Comment 5 Martin Wilck 2011-12-01 14:42:01 UTC
1. See dmesg file in sosreport:

input: Avocent FSC A3C40047297 as /devices/pci0000:00/0000:00:1d.1/usb3/3-1/3-1:1.1/input/input6
generic-usb 0003:0624:0327.0004: input,hidraw3: USB HID v1.10 Mouse [Avocent FSC A3C40047297] on usb-0000:00:1d.1-1/input1
  alloc irq_desc for 40 on node -1
  alloc kstat_irqs on node -1
lpfc 0000:64:00.0: irq 40 for MSI/MSI-X
ata_piix 0000:00:1f.2: version 2.13
ata_piix 0000:00:1f.2: PCI INT A -> GSI 17 (level, low) -> IRQ 17
ata_piix 0000:00:1f.2: MAP [ P0 P2 P1 P3 ]
ata_piix 0000:00:1f.2: setting latency timer to 64
scsi3 : ata_piix
scsi4 : ata_piix
ata1: SATA max UDMA/133 cmd 0x1f0 ctl 0x3f6 bmdma 0x1880 irq 14
ata2: SATA max UDMA/133 cmd 0x170 ctl 0x376 bmdma 0x1888 irq 15
lpfc 0000:64:00.0: 0:1303 Link Up Event x1 received Data: x1 x1 x8 x2 x0 x0 0
lpfc 0000:64:00.0: 0:(0):2858 FLOGI failure Status:x3/x18 TMO:x0
lpfc 0000:64:00.0: 0:(0):2858 FLOGI failure Status:x3/x18 TMO:x0

2. Yes, so I'm told (ssh to be clarified, dump on local disk works fine).

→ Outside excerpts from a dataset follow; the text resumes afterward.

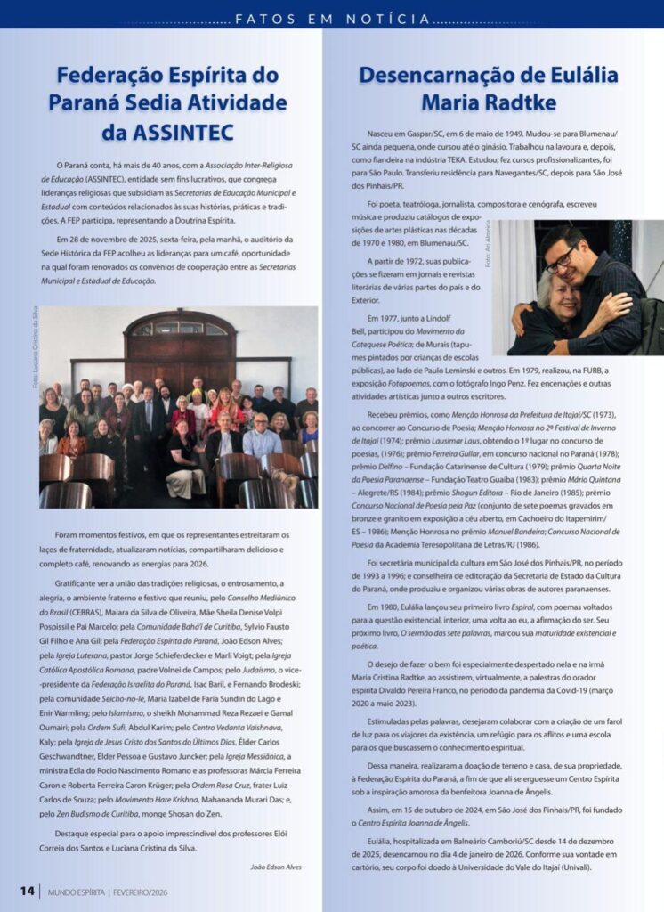 Eulália Maria Radke destacou-se como escritora, jornalista e intelectual, mantendo ao longo da vida uma produção marcada pela sensibilidade, pela reflexão e pela valorização do ser humano. Sua obra expressa inquietações existenciais e profundas observações sobre a vida, em consonância com os princípios espíritas de progresso moral e intelectual.Segundo o Espiritismo, a morte não representa o fim da vida, mas a continuidade da existência em outra dimensão. A desencarnação é compreendida como o retorno do espírito ao mundo espiritual, onde prossegue seu processo de aprendizado e evolução.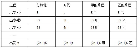 繼續(xù)推導(dǎo)可得,從第三次相遇點(diǎn)到第四次相遇點(diǎn)、從第四次相遇點(diǎn)到第五次相遇點(diǎn)……,各種量皆滿足此規(guī)律,列表表示: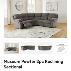 Pewter Reclining Sectional Sofa Couch-Like new$799San Jose, CA

I was just told that the NFS dump worked on another similar machine. The difference between the "good" and "bad" case is that in the "bad" case, a number of additional controllers were in the system:

1 Emulex LPe 1150
1 LSI SAS 8880 EM2
1 Intel Pro 1000 PT Quad Port
1 Intel 10 GB XF SR LAN Controller

That, together with the information under 1.) above, makes me think that lpfc may be involved. Another possible error cause is the presence of the additional LAN controllers that may be causing confusion about the LAN interface.

Comment 8 Martin Wilck 2011-12-05 11:00:26 UTC
The problem occurs also with kdump over ssh.

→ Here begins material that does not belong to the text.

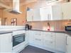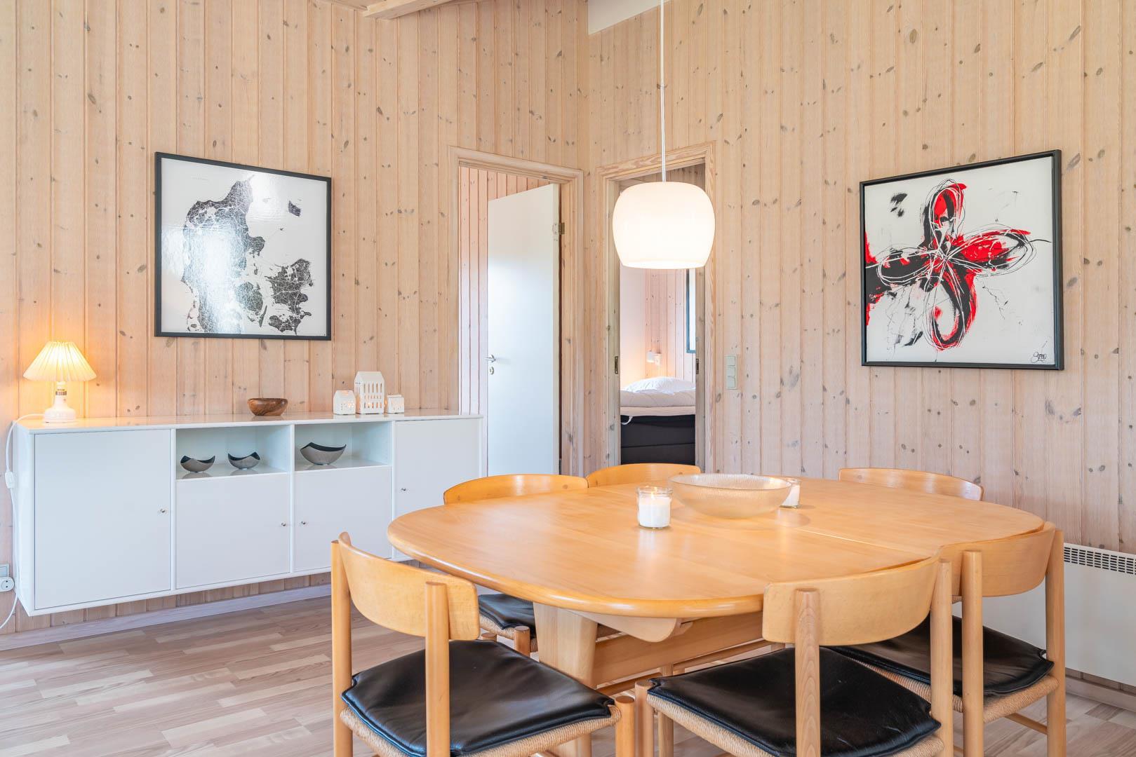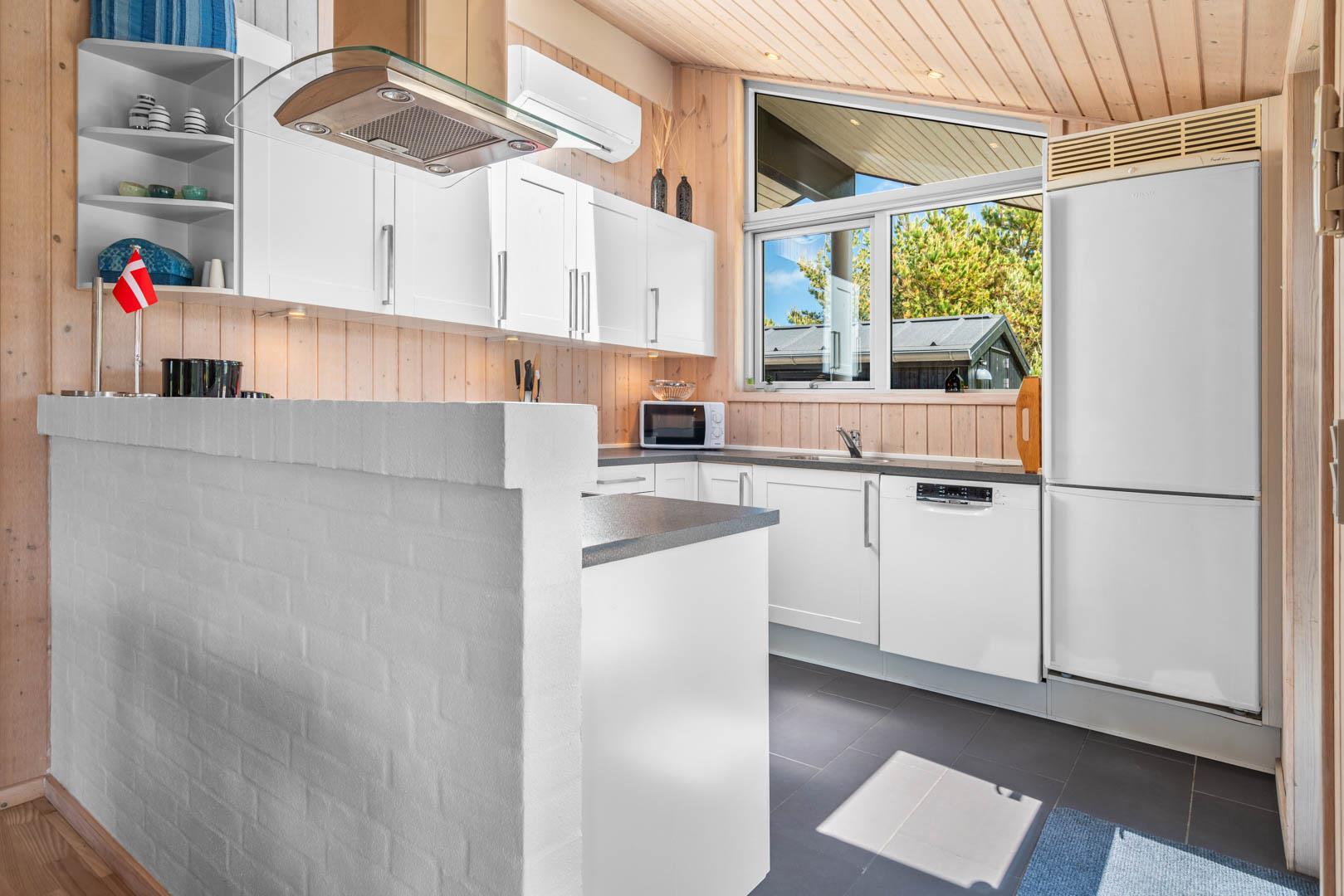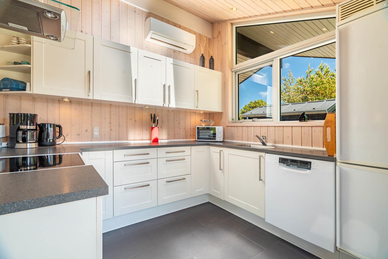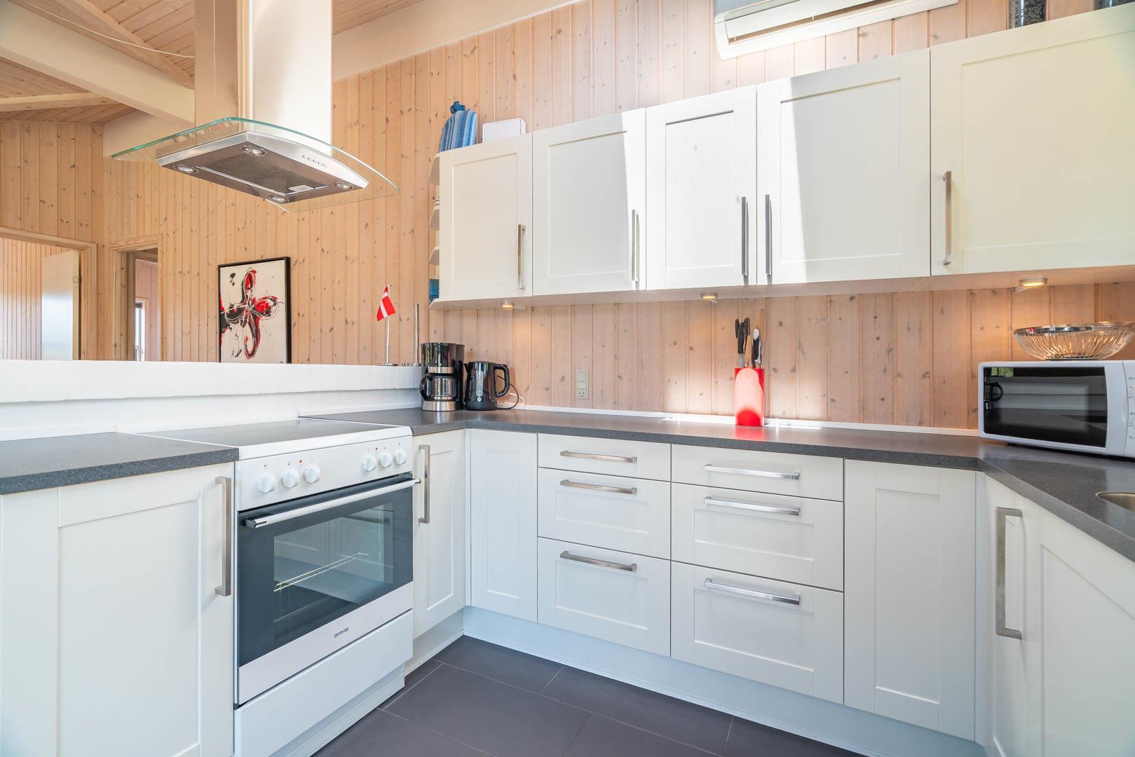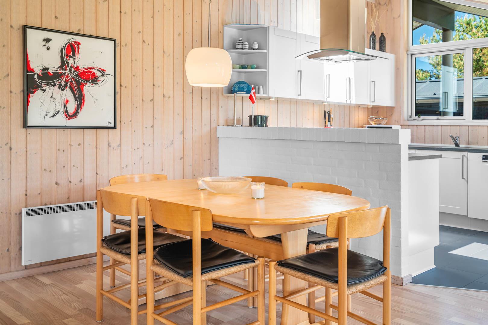 Opholdsstue, spiseafdeling og det veludstyrede køkken er i åben forbindelse.

Comment 9 Martin Wilck 2011-12-09 17:59:40 UTC
I have done several kdump attempts on the said-to-be-affected machine, and all worked fine. Hang on.

Comment 10 Jeff Layton 2011-12-14 12:22:18 UTC
Given that this also occurs with kdump over ssh, I'm going to declare this "not a NFS bug" and reset the owner back to kernel-mgr.

Also cc'ing Rob Evers since he seems to have done some work recently on the lpfc driver.

Comment 11 Martin Wilck 2011-12-19 09:36:05 UTC
The problem isn't reproducable any more. I am sorry for bothering you.